• _Provided data_
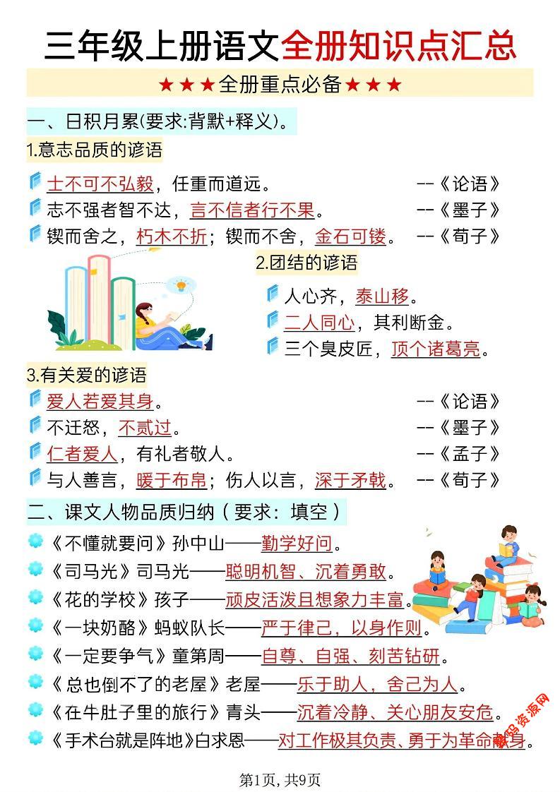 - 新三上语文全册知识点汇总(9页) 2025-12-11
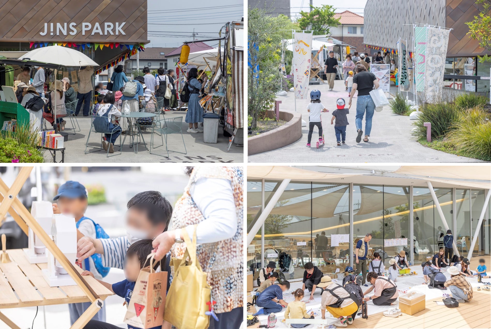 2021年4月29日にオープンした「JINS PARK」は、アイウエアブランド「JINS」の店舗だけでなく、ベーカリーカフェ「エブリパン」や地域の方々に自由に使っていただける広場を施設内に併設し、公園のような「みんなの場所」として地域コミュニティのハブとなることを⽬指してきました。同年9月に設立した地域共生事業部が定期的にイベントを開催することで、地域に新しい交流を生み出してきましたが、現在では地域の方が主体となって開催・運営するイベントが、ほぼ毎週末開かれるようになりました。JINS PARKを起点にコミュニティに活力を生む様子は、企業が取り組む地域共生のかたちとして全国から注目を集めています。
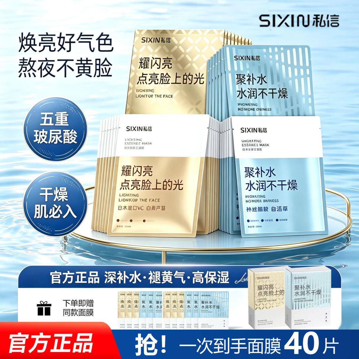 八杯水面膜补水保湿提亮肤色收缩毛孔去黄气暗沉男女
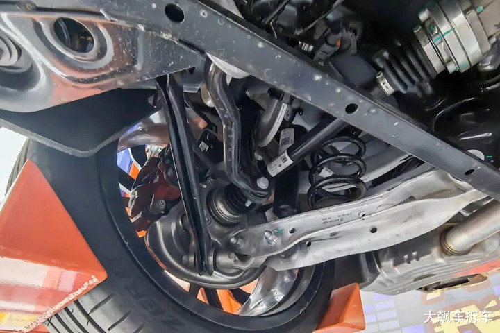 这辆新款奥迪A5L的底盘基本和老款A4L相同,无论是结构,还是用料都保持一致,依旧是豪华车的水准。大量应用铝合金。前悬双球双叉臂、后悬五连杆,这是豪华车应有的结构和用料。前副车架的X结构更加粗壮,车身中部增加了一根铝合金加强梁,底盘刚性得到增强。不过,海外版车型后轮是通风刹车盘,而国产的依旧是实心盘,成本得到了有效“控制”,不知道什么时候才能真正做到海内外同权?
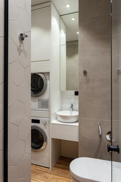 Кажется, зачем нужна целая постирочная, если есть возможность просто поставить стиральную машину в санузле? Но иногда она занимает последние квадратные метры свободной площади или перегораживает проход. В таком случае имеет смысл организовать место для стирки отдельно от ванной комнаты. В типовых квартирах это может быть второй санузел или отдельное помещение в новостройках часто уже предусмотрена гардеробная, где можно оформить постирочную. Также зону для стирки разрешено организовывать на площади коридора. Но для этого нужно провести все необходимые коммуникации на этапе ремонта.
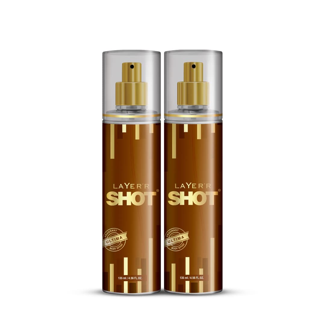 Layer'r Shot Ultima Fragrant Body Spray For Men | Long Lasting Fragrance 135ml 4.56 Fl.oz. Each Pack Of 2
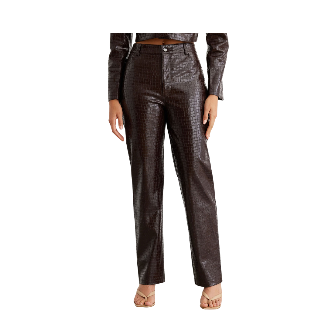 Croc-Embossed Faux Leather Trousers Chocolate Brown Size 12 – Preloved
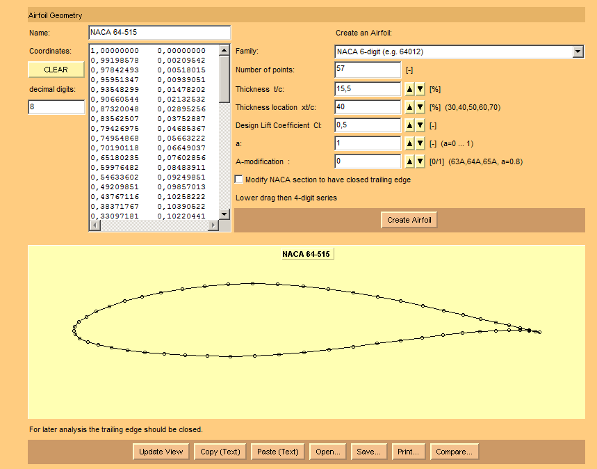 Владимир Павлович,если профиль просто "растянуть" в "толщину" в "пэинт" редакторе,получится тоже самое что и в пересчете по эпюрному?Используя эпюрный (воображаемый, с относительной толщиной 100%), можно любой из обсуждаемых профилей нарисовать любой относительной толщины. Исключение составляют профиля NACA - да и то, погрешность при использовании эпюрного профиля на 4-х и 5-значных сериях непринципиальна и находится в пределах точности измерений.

• _Your task_
Although pictures appear among the entries, please set down only the lines from the one with "这辆新款奥迪A5L的底盘基本" up to and including the one with "Кажется, зачем нужна", word for word.

• _Solution below_
 这辆新款奥迪A5L的底盘基本和老款A4L相同,无论是结构,还是用料都保持一致,依旧是豪华车的水准。大量应用铝合金。前悬双球双叉臂、后悬五连杆,这是豪华车应有的结构和用料。前副车架的X结构更加粗壮,车身中部增加了一根铝合金加强梁,底盘刚性得到增强。不过,海外版车型后轮是通风刹车盘,而国产的依旧是实心盘,成本得到了有效“控制”,不知道什么时候才能真正做到海内外同权?
 Кажется, зачем нужна целая постирочная, если есть возможность просто поставить стиральную машину в санузле? Но иногда она занимает последние квадратные метры свободной площади или перегораживает проход. В таком случае имеет смысл организовать место для стирки отдельно от ванной комнаты. В типовых квартирах это может быть второй санузел или отдельное помещение в новостройках часто уже предусмотрена гардеробная, где можно оформить постирочную. Также зону для стирки разрешено организовывать на площади коридора. Но для этого нужно провести все необходимые коммуникации на этапе ремонта.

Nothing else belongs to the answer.